### EXERCISE
Would it be possible to output exactly, and only, the lines below from the one holding "AMD9800X3D 7800X3D Family" to the last line, both included, with every picture left out?

### MATERIAL PROVIDED
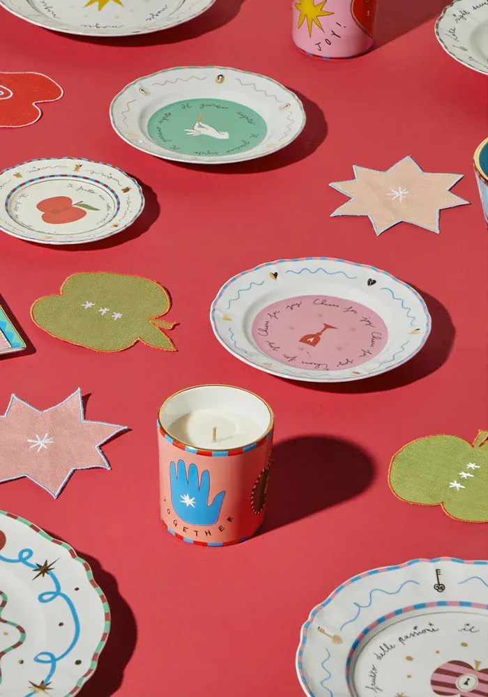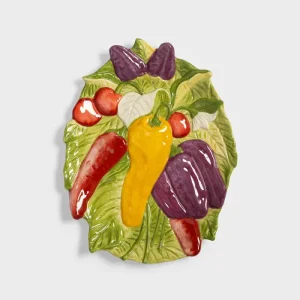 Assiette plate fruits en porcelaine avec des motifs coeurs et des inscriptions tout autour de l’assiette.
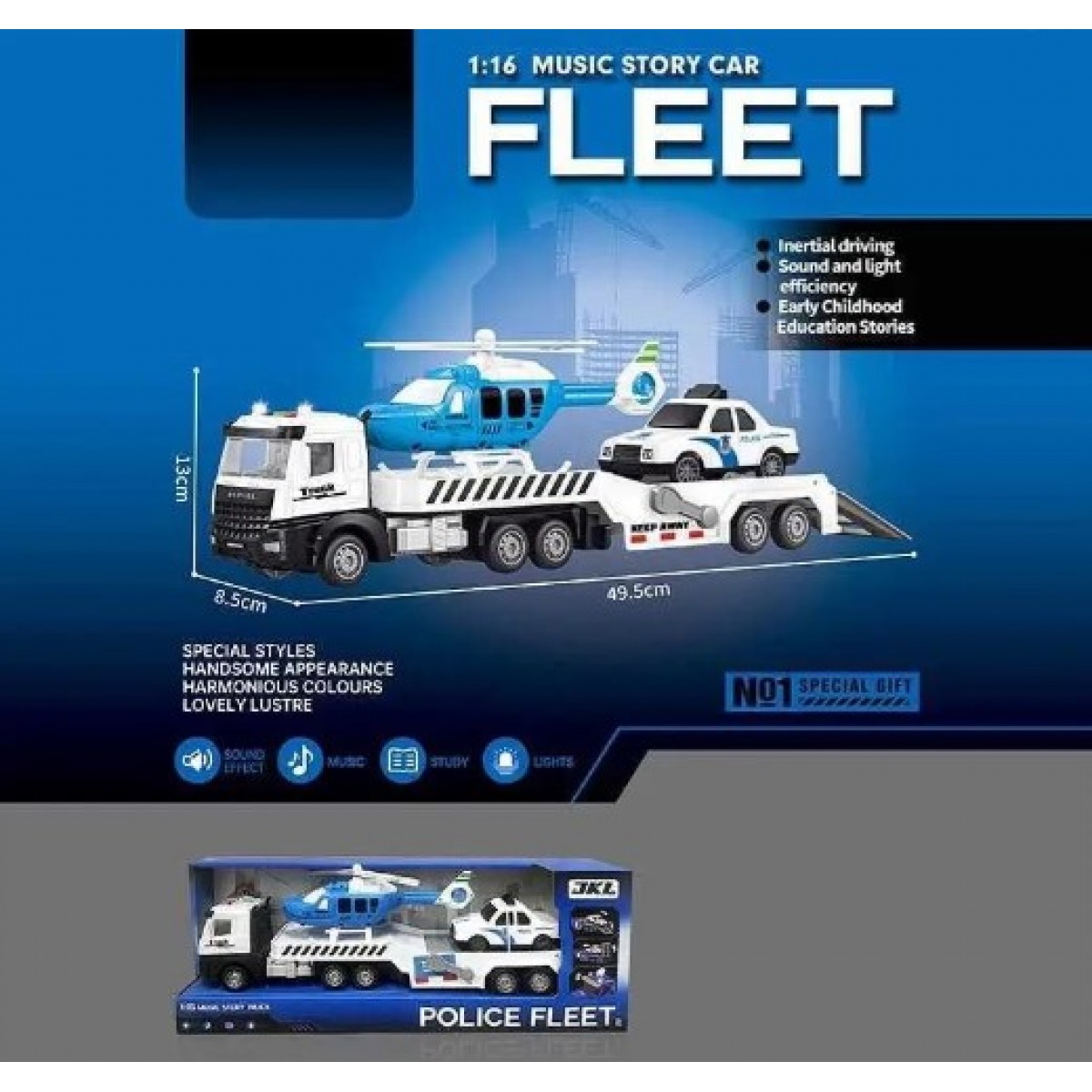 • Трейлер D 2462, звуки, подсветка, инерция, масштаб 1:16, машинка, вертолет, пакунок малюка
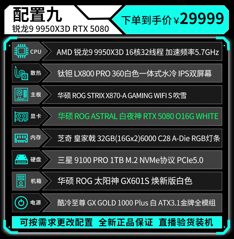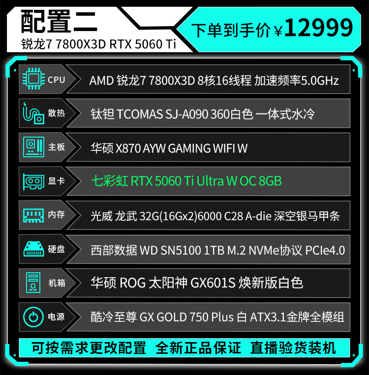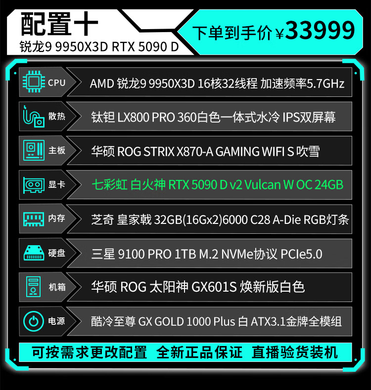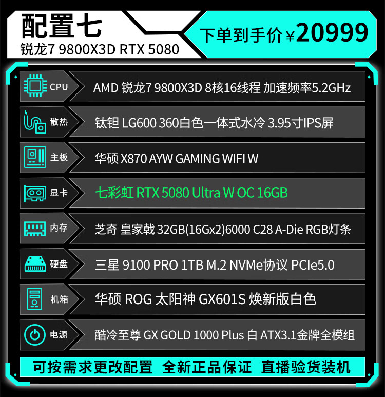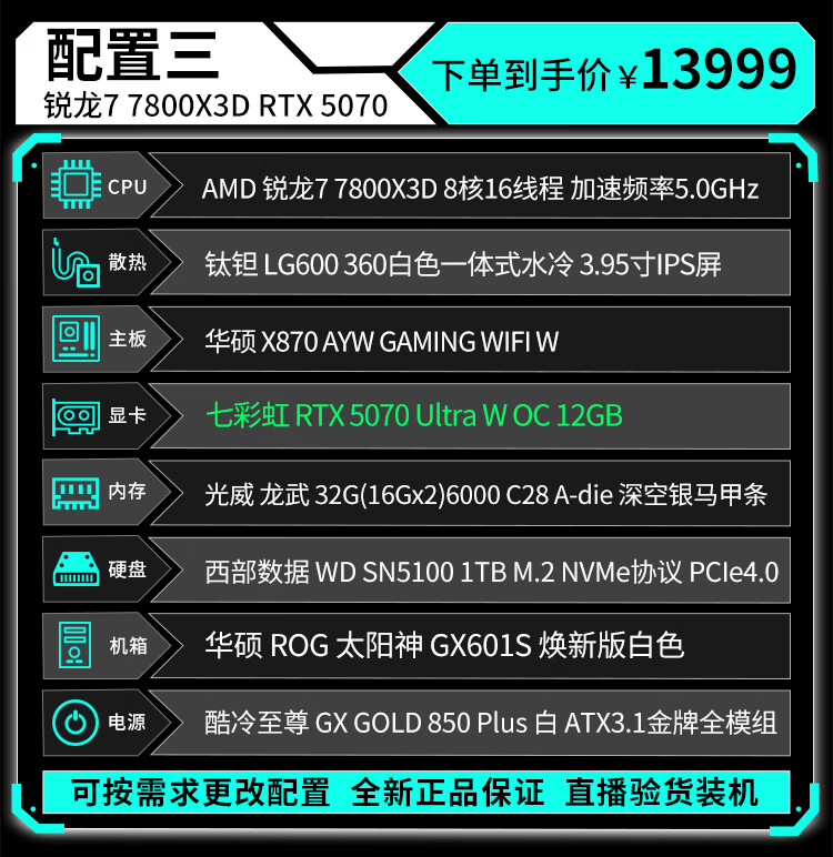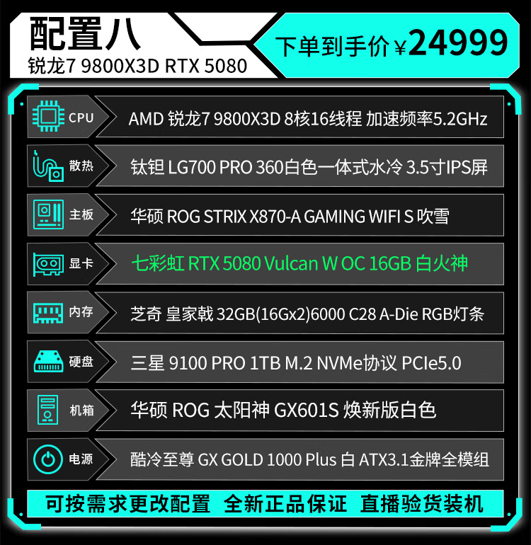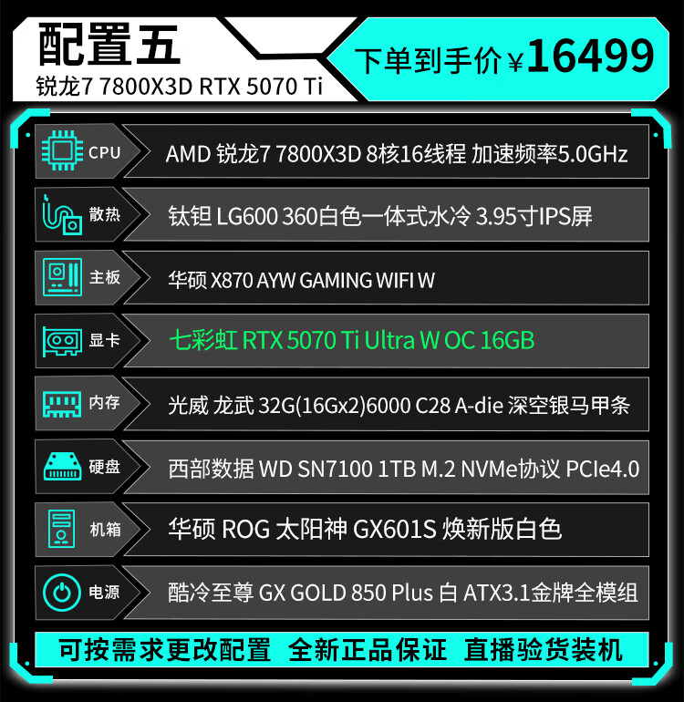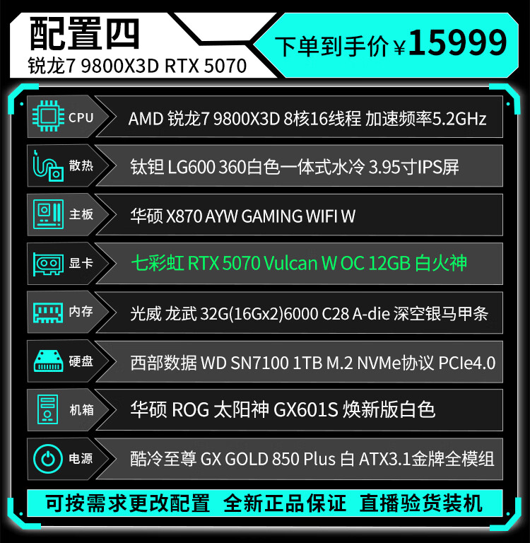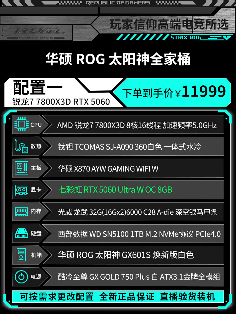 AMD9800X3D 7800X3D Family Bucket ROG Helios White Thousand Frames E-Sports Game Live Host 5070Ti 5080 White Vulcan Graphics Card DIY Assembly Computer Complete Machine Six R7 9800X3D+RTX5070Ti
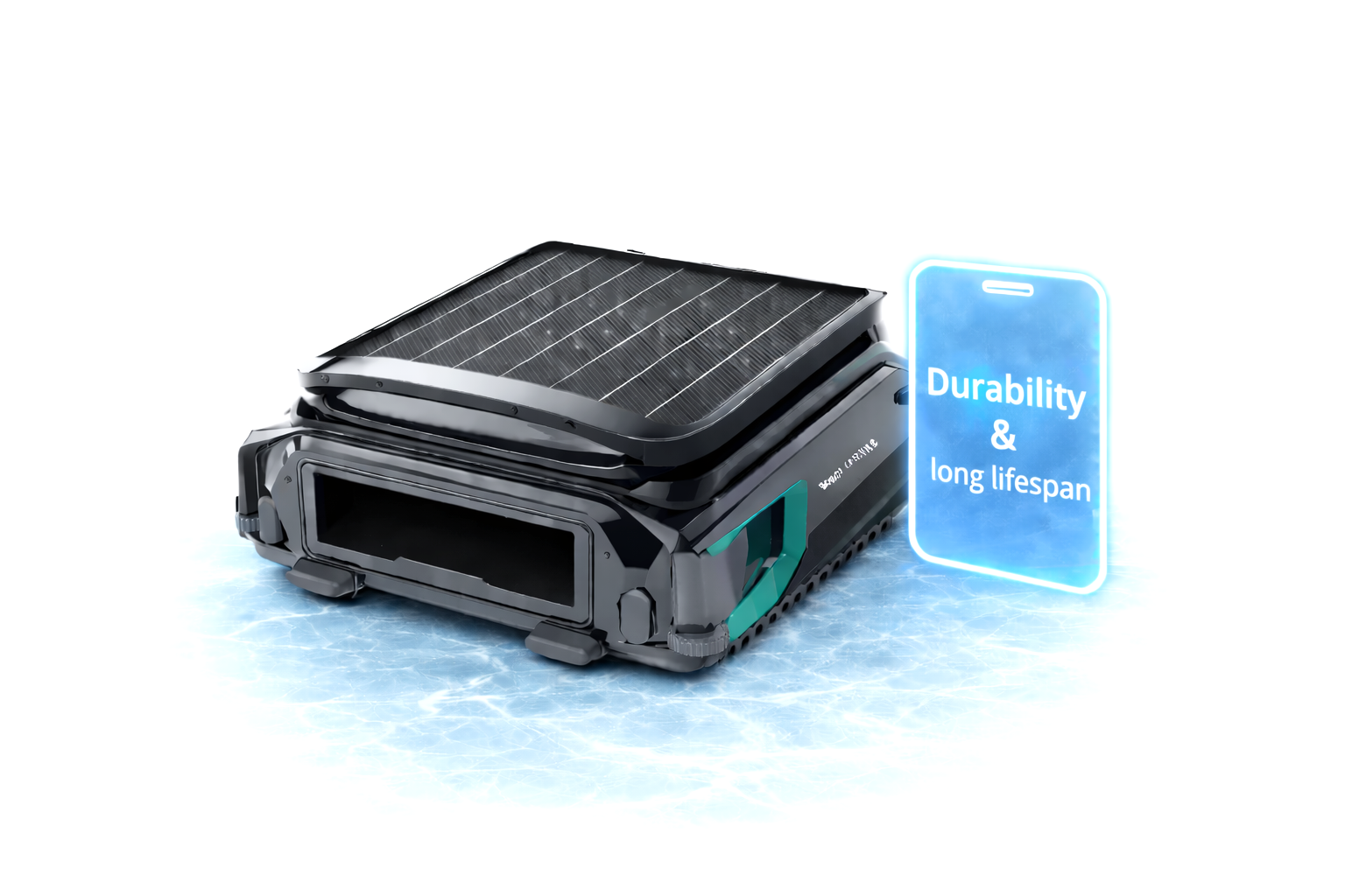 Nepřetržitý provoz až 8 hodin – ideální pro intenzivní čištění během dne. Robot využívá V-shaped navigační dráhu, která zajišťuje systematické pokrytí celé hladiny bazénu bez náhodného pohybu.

### EXERCISE RESPONSE
 AMD9800X3D 7800X3D Family Bucket ROG Helios White Thousand Frames E-Sports Game Live Host 5070Ti 5080 White Vulcan Graphics Card DIY Assembly Computer Complete Machine Six R7 9800X3D+RTX5070Ti
 Nepřetržitý provoz až 8 hodin – ideální pro intenzivní čištění během dne. Robot využívá V-shaped navigační dráhu, která zajišťuje systematické pokrytí celé hladiny bazénu bez náhodného pohybu.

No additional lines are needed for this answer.